■「引き分けでもいい」という気持ち

 小林監督は、92分に呉屋と米倉を入れて前線の並びを入れ替えたが、90分間、ほぼ互角に組み合ったままの終盤戦だっただけに、選手を替えることによって攻撃力を増やすことはできるが、同時にそれまで保っていたバランスを崩す可能性もある。つまり、あの時間での交代にはリスクもあった。

 だが、小林監督にためらいはなかったはずだ。自動昇格に必要な「2位以内」を目指すことを考えても、千葉にとってはどうしても必要な勝点3だった。

 一方の水戸は、そのままスコアレスで引き分けても長崎と勝点で並ぶものの、得失点差で首位は維持できる状況だった。同時に、昇格争いのライバルである千葉に勝点差を詰めさせないで、千葉との勝点差を6のままで維持することもできたはずだった。

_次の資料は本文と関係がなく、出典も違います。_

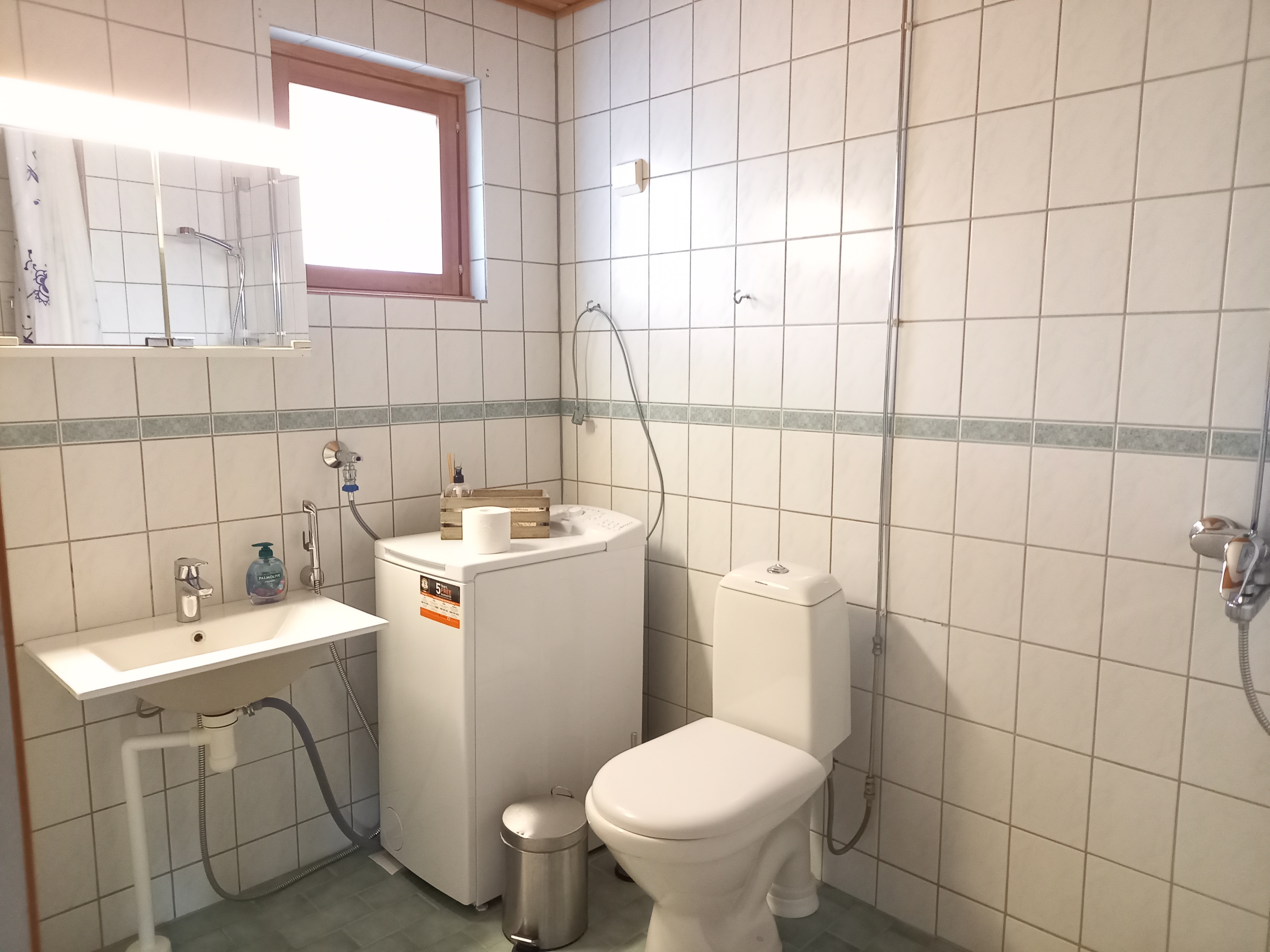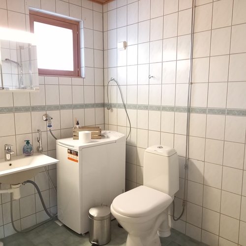 Varusteet: pesukone, pesukoneliitäntä, wc-istuin, suihku, peilikaappi

「引き分けでもいい」という気持ちは、当然、水戸の選手たちの間にもあったはずだ。その、両者の意識の差が試合最終盤での千葉の猛攻につながったのかもしれない。これはあくまでも結果論だが、水戸としてはアディショナルタイムに入ってからの時間では、完全に守備固めに入るべきだったような気もする。